Cyber Incident Victim: Puma
Date:
Jan 2023
Location:
Chile
Summary
A multinational sportswear company experienced a data breach impacting over 230,000 customers on its Chilean e-commerce platform, with an 84MB dataset containing personal and transactional information listed for sale on a hacker forum. The exposed data included customer names, email addresses, phone numbers, billing and shipping details, purchase histories, and partial payment information. A threat actor attributed the leak to compromised employee accounts infected by malware, though the company stated it was investigating the incident's scope and origin. The attacker also provided purported administrative credentials for the e-commerce system, which were partially validated through password recovery functions but not independently confirmed by investigators.

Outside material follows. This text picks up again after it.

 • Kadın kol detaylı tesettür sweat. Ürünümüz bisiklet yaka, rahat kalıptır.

| CIA Posture | Motives | Tactics, Techniques & Procedures |
|---|---|---|
| Available to members | 1 motive | 1 technique |
| Threat Actors | Type | Location |
|---|---|---|
| 0 actors | Available to members | Available to members |
Description
On or around January 21, 2023, a threat actor listed a dataset allegedly containing information from Puma’s Chilean e-commerce website (cl.puma.com) for sale on a hacker forum. The advertisement claimed the 84MB CSV file contained private data of 237,013 customers, including fields such as customer email, telephone number, name, document identifier, purchase dates, billing and shipping addresses, payment method ("Medio de pago"), order totals, coupon codes, payment status ("Estado del Pago"), city, and region. The seller, described as having a reputable standing on the forum, specified the data originated from Puma’s Chilean operations and was obtained on the stated date. Cybersecurity publication Cybernews initially reported the listing but could not independently verify its authenticity at the time. Puma confirmed it was investigating a potential data leak affecting its Chilean e-commerce platform shortly after being contacted by media, acknowledging the incident but not yet confirming the specific scope or origin of the breach.

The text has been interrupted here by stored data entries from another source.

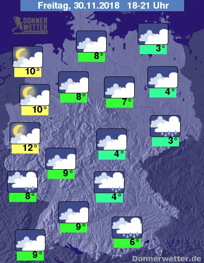 Die Temperaturen liegen am frühen Abend noch zwischen 3 Grad im Osten und milden 12 Grad im Westen.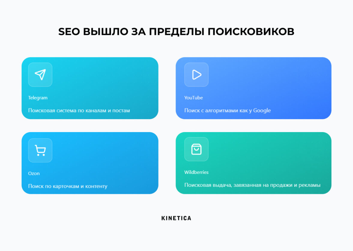 SEO перестало быть привязанным только к поисковым строкам браузеров. Люди ищут везде. Telegram, YouTube, Ozon, Wildberries — это тоже поисковые системы со своими алгоритмами ранжирования. Современная SEO-стратегия — это Omnichannel Search Marketing.
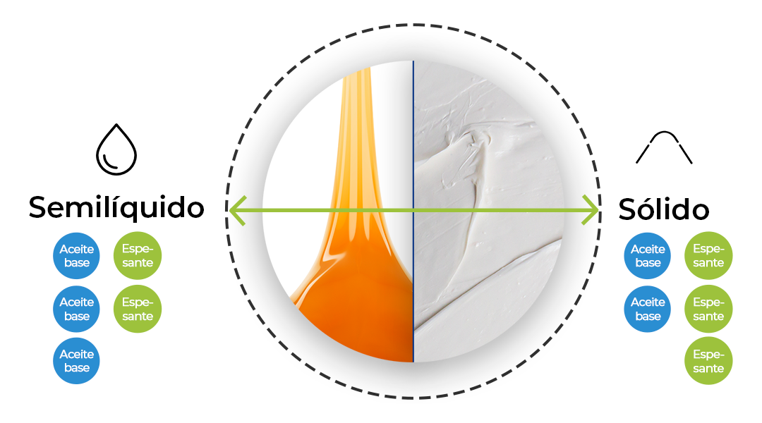 La proporción entre estos dos elementos genera una solidez determinada, si en esta relación aumenta el espesante, la grasa tendrá una consistencia mayor y viceversa.

Further engagement by DataBreaches.net with the forum user revealed additional claims about the breach’s cause. The threat actor asserted that Puma employees "got caught by a virus," though they clarified they did not directly compromise the systems and instead purchased logs from suppliers. To substantiate their access, the seller provided purported administrative credentials for a Puma e-commerce panel login. While DataBreaches did not attempt unauthorized access, they verified the username’s validity by triggering a password reset prompt that requested an email address for recovery. This interaction suggested the threat actor possessed at least one legitimate administrative credential, though the extent of system access or data exfiltration methods remained unconfirmed. Puma did not publicly disclose technical details about the alleged malware infection, employee involvement, or the timeline of detection and containment efforts beyond its initial statement about the ongoing investigation. The incident exposed potential risks to Chilean customers’ personal and financial information, with the dataset’s contents indicating compromised transaction records and contact details spanning an unspecified period prior to January 21.